## Task details
All of the entries must be reproduced exactly, with no images carried over.

## Listed entries
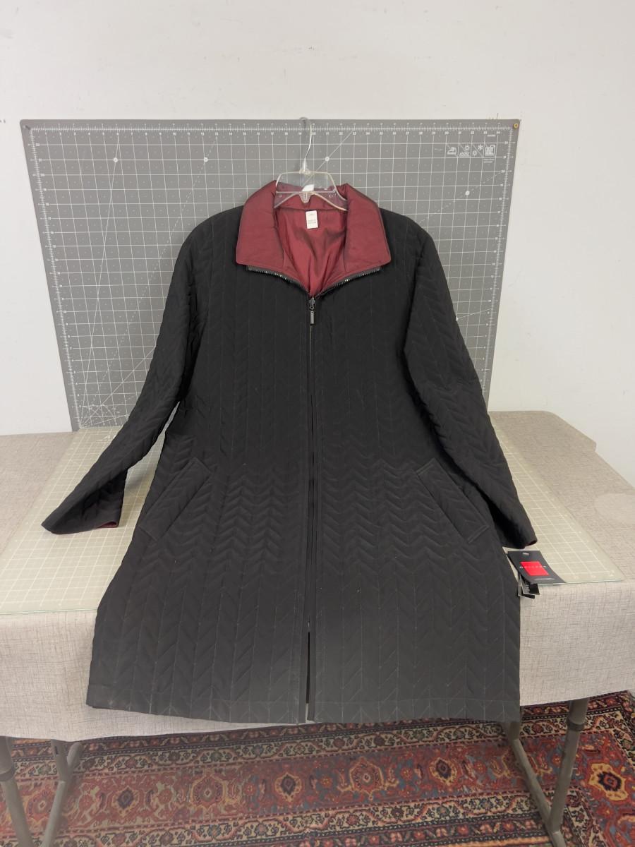 Gallery Small Black and Burgundy Reversible Pea Coat
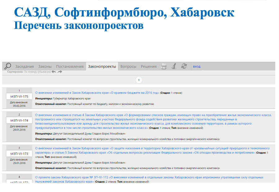 Из индивидуальной разработки выросло еще одно неплохое решение – САЗД (система автоматизации законотворческого документооборота) от компании «Софтинформбюро». В 2005 г. была написана первая версия программного комплекса для Законодательной Думы Хабаровского края. Через два года на ее основе было создано типовое решение САЗД, которое развернуто в Законодательном Собрании Приморского края, Думе города Владивостока и ряде других законодательных собраний РФ.
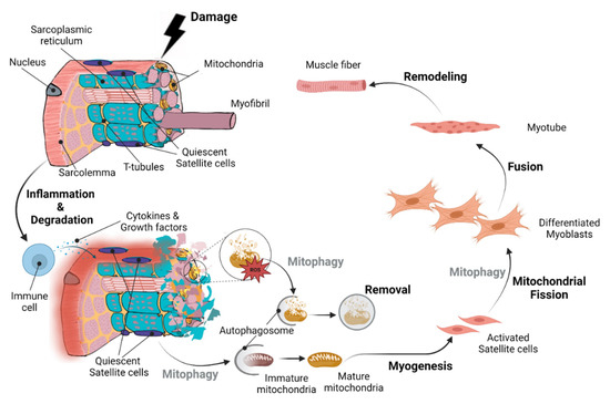 Chatzinikita, E.; Maridaki, M.; Palikaras, K.; Koutsilieris, M.; Philippou, A. The Role of Mitophagy in Skeletal Muscle Damage and Regeneration. Cells 2023, 12, 716. https://doi.org/10.3390/cells12050716
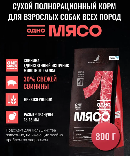Одно Мясо 800гр сухой корм для всех пород со свининой
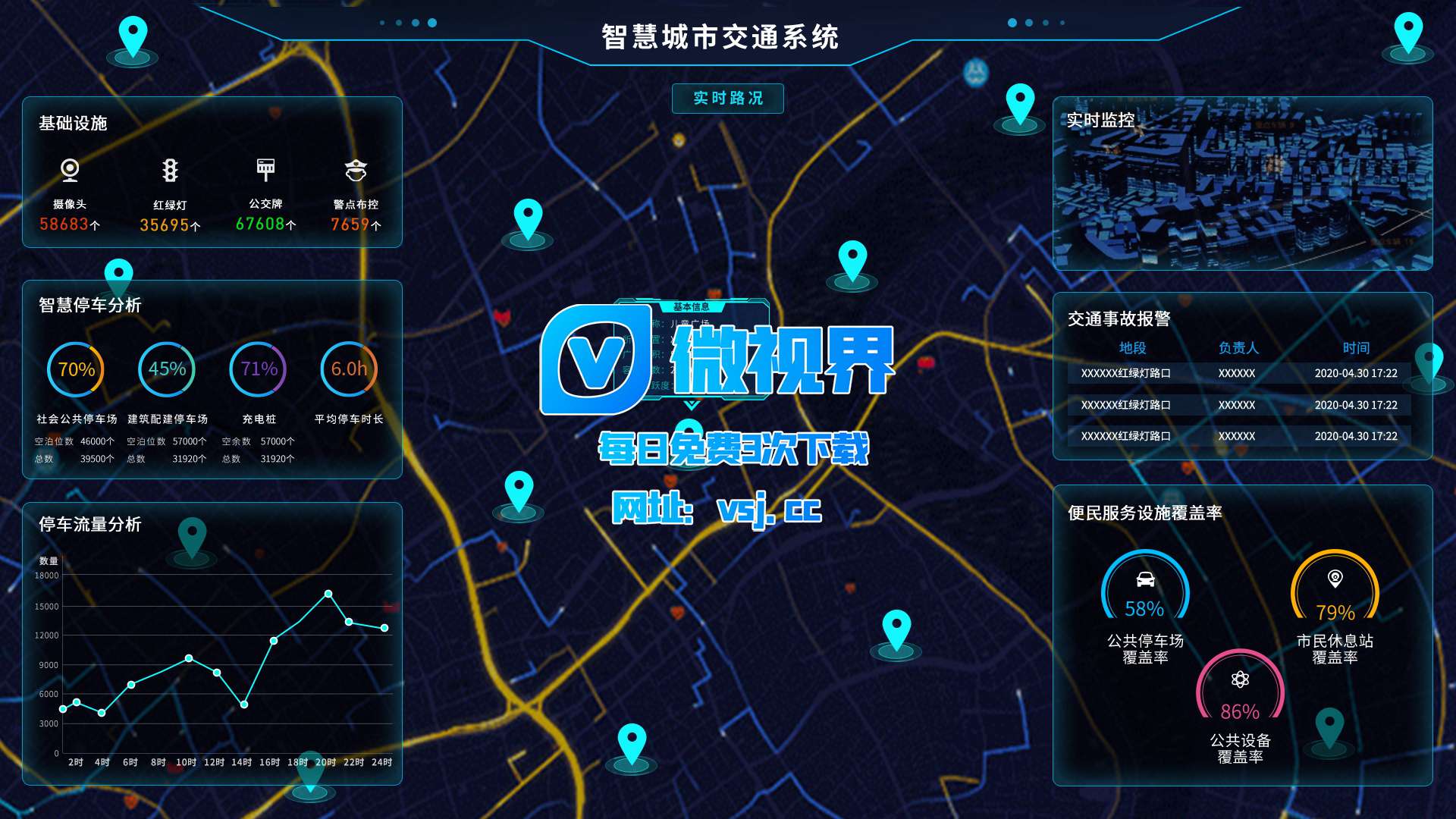 1251_【大屏UI】智慧交通系统_PSD素材下载更多免费内容请访问微世界VSJ.cc
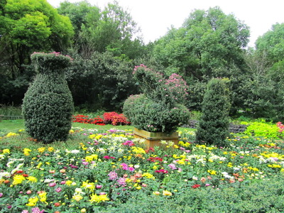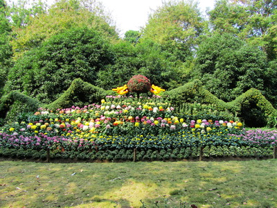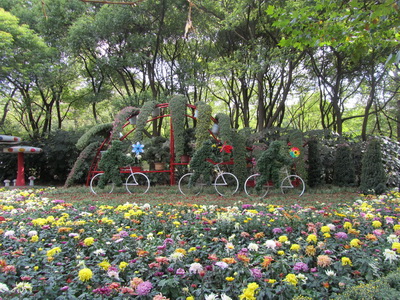 此景用各種造型菊----懸崖菊、塔菊、盆景菊、球菊等和錯(cuò)落有致的菊花構(gòu)成主景,以地被菊組成立體造型、品種菊組成流線型的花帶,反映著都市百姓豐富多彩的假日休閑娛樂活動(dòng)。
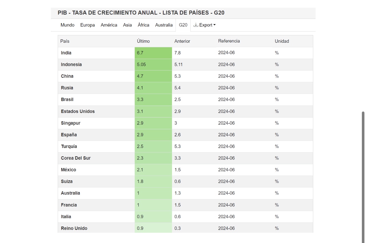 Es relevante recordar que uno de los objetivos del aumento de tasas es enfriar la economía, y en consecuencia, reducir el crecimiento del Producto Interno Bruto (PIB). En los medios de comunicación, es común ver comparaciones sensacionalistas del PIB de este sexenio con el de administraciones anteriores. No obstante, estas comparaciones a menudo ignoran factores clave, como el contexto internacional y el efecto de las políticas monetarias para reducir la inflación. De hecho, economías más grandes, como las del G20 que se muestran en la siguiente tabla, también muestran un crecimiento más lento debido a las políticas de enfriamiento, lo cuál como comentamos en párrafos anteriores podría verse como positivo.
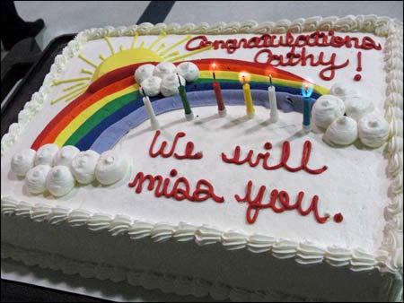 To wish Cathy well, we held a surprise get-together with all current students, children and staff members. Roses were given to Cathy by the students with each young mom thanking her for a different quality she brought to the centre, such as a sense of humour, a listening ear and for “being real”. A handmade card was presented as well as a collage of photos in a frame, and the celebration was topped off with a cake!
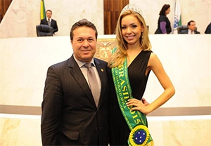 Olha o deputado Márcio Nunes fazendo pose ao lado da paranaense Vanessa Crippa, a mais nova Miss Brasil Globo. Ela foi eleita em concurso que aconteceu Brasília. Como prêmio, a curitibana recebeu uma viagem para a Tailândia. E uma visitinha à Assembleia, uai!...

## Response below
 Gallery Small Black and Burgundy Reversible Pea Coat
 Из индивидуальной разработки выросло еще одно неплохое решение – САЗД (система автоматизации законотворческого документооборота) от компании «Софтинформбюро». В 2005 г. была написана первая версия программного комплекса для Законодательной Думы Хабаровского края. Через два года на ее основе было создано типовое решение САЗД, которое развернуто в Законодательном Собрании Приморского края, Думе города Владивостока и ряде других законодательных собраний РФ.
 Chatzinikita, E.; Maridaki, M.; Palikaras, K.; Koutsilieris, M.; Philippou, A. The Role of Mitophagy in Skeletal Muscle Damage and Regeneration. Cells 2023, 12, 716. https://doi.org/10.3390/cells12050716
Одно Мясо 800гр сухой корм для всех пород со свининой
 1251_【大屏UI】智慧交通系统_PSD素材下载更多免费内容请访问微世界VSJ.cc
 此景用各種造型菊----懸崖菊、塔菊、盆景菊、球菊等和錯(cuò)落有致的菊花構(gòu)成主景,以地被菊組成立體造型、品種菊組成流線型的花帶,反映著都市百姓豐富多彩的假日休閑娛樂活動(dòng)。
 Es relevante recordar que uno de los objetivos del aumento de tasas es enfriar la economía, y en consecuencia, reducir el crecimiento del Producto Interno Bruto (PIB). En los medios de comunicación, es común ver comparaciones sensacionalistas del PIB de este sexenio con el de administraciones anteriores. No obstante, estas comparaciones a menudo ignoran factores clave, como el contexto internacional y el efecto de las políticas monetarias para reducir la inflación. De hecho, economías más grandes, como las del G20 que se muestran en la siguiente tabla, también muestran un crecimiento más lento debido a las políticas de enfriamiento, lo cuál como comentamos en párrafos anteriores podría verse como positivo.
 To wish Cathy well, we held a surprise get-together with all current students, children and staff members. Roses were given to Cathy by the students with each young mom thanking her for a different quality she brought to the centre, such as a sense of humour, a listening ear and for “being real”. A handmade card was presented as well as a collage of photos in a frame, and the celebration was topped off with a cake!
 Olha o deputado Márcio Nunes fazendo pose ao lado da paranaense Vanessa Crippa, a mais nova Miss Brasil Globo. Ela foi eleita em concurso que aconteceu Brasília. Como prêmio, a curitibana recebeu uma viagem para a Tailândia. E uma visitinha à Assembleia, uai!...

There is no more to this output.